This is the fifth in a series of (mostly) weekly essays. This week, Advogato subjects us to a brief tutorial on standards.
This is the fifth in a series of (mostly) weekly essays. This week, Advogato subjects us to a brief tutorial on standards.
Standards, more than anything else, make up the texture of our computing environment. They tend to be longer lived than just about any other computer-related artifact. Yet, many standards are of relatively poor quality, while others are unfriendly to free software. Good standards, on the other hand, make life livable, or at least make stuff work. This essay attempts to analyze what makes good and bad standards, from the viewpoint of free software developers. But then, when's the last time Advogato analyzed anything from a point of view other than free software developers?
In the early days of solid-state electronics, transistors were expensive, and wires were effectively free. Now, in the days of 0.18 micron chips, transistors are virtually free (they just happen when two different doping layers cross), while the wires are expensive - not only do they take up most of a chip's real estate, but because of capacitance and other effects, signal propagation delay is actually superlinear in the wire's length.
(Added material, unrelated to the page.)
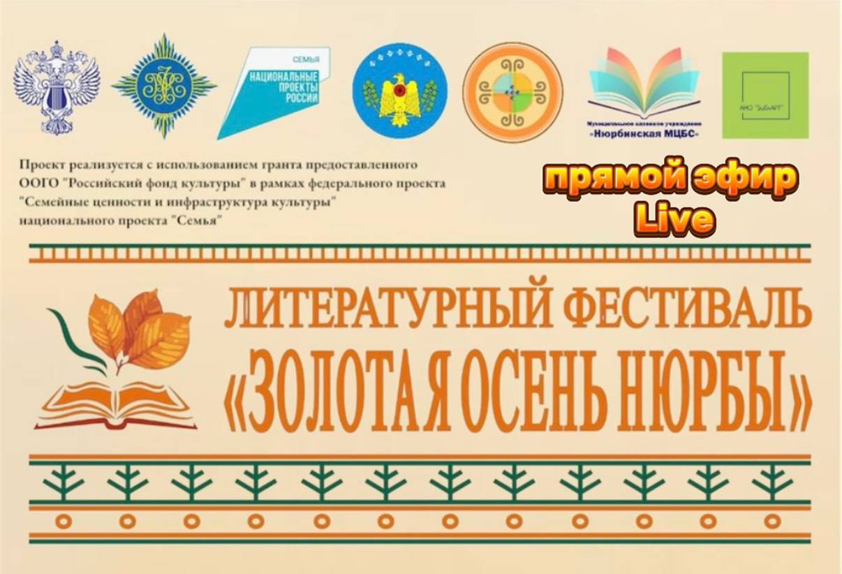 Литературный фестиваль «Золотая осень Нюрбы» реализуется АНО «БИБЛАРТ» Нюрбинской МЦБС с использованием гранта, предоставленного ООГО «Российский фонд культуры» в рамках федерального проекта «Семейные ценности и инфраструктура культуры» национального проекта «Семья».

Similarly, when Wirth published "Algorithms + Data Structures = Programs" in 1976, it was a reasonable formula. But these days, many large systems are built with hardly any interesting algorithms or data structures at all. Almost all of the remaining "dark matter" can be counted as integration work. While algorithms haven't become insignificant yet, integration is increasingly where the hard problems, and the work, of system-building happens.
In my view, a standard is a document, or perhaps uncodified set of practices, with the purpose of reducing the cost of integration. A good standard reduces the integration cost significantly. A bad standard doesn't reduce the cost, or perhaps doesn't even facilitate making the integration happen. A standard can cover a protocol, an API, a programming language, a file format, object request brokering, hardware, or any mix of these.
Free software authors do particularly well with standards - a good standard gives people a clear target to shoot for. (Note, as an aside, that this "clear target" theory was well elucidated by Vinod Valloppillil in his infamous Halloween Documents, but he used the more pejorative analogy "chasing tail lights". There are plenty of examples of open source projects that are more advanced than proprietary programs at implementing new standards). Conversely, lack of standards hurts free software disproportionally. In my opinion, the lack of a really usable open source word processor has more to do with the lack of a standard word processing format than anything else.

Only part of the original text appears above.